The late 1980s and the early 90s were characterized with significant changes on the geopolitical map of Central and Eastern Europe. The period of system transforma­tion in Poland brought not only political changes. Apart from their positive effects, the political and economic changes in our country impoverished a large part of our society. This affected Poles’ standards of living. Economic hardships, growing un­employment, shortage of opportunities of improvement of life, unstable labor market situation, all this made people migrate westwards with hope for better lives. People felt lost in the new circumstances and they were not able to adapt to them; many a man lost their jobs and it was hard for them to find a new one. Poverty causes some pathologies. Among other things, poverty make more and more people leave their country without being aware of the hazards that they may face there. Some of them become victims of trafficking in human beings.
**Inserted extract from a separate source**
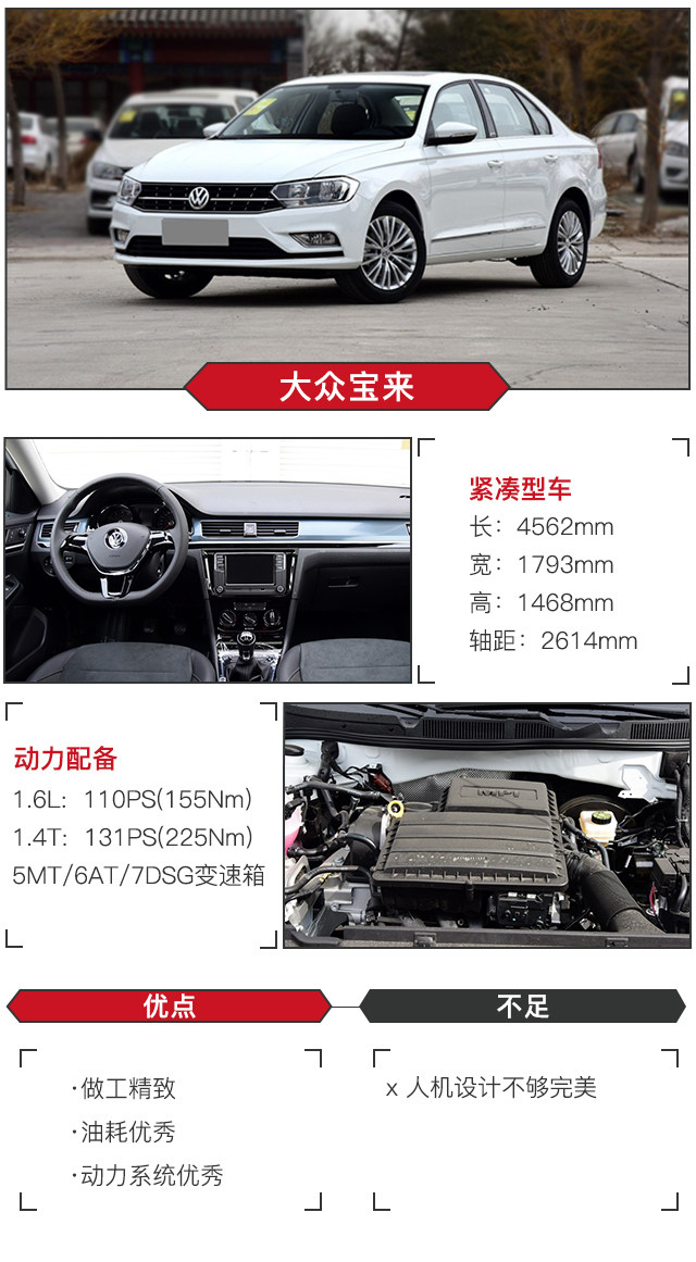 宝来在这个价位里的实力很强,它有着不逊色于日系车的油耗表现,而且底盘表现十分优秀,再加上空间和外观上都有不错的表现,宝来改款之后销量也十分高。这个价位想要购买紧凑型车的话与其选择一台日系车,不如买一台宝来更加合适。

Unaware of the threats related to illegal labor recruitment, without any knowl­edge about the conditions of living and work abroad, especially women are posed at the risk of becoming victims of traffickers in human beings. They are sold and, then, forced to work in sex business, for which they do not receive appropriate remunera­tion. The present problem of trafficking in and smuggling of human beings is, among other things, the result of opened borders of the former communist countries.
Since the early 1990s the problem of trafficking in people has been permanently growing in Poland. Due to its geographical situation, Poland has three functions in the process of trafficking in human beings. It is the country of origin of the victims, a transit country (people from Eastern Europe are being smuggled across the territory of Poland), and the destination country in the process of trafficking in human beings.
After its accession to the European Union, Poland may take the role of Germany. It will become a buffer country from which people will be distributed all over Eu­rope. Strengthening of the eastern border shall bring the problem underground, and foreigners will be even more „illegal” in Poland.
As a research team from the Institute of Social Pedagogy, Counseling and Social Education Unit, we have been examining the issues of trafficking in human beings for a long time now. Our activities are primarily related with observation of the phenomenon, attempts to describe it, and preventive actions.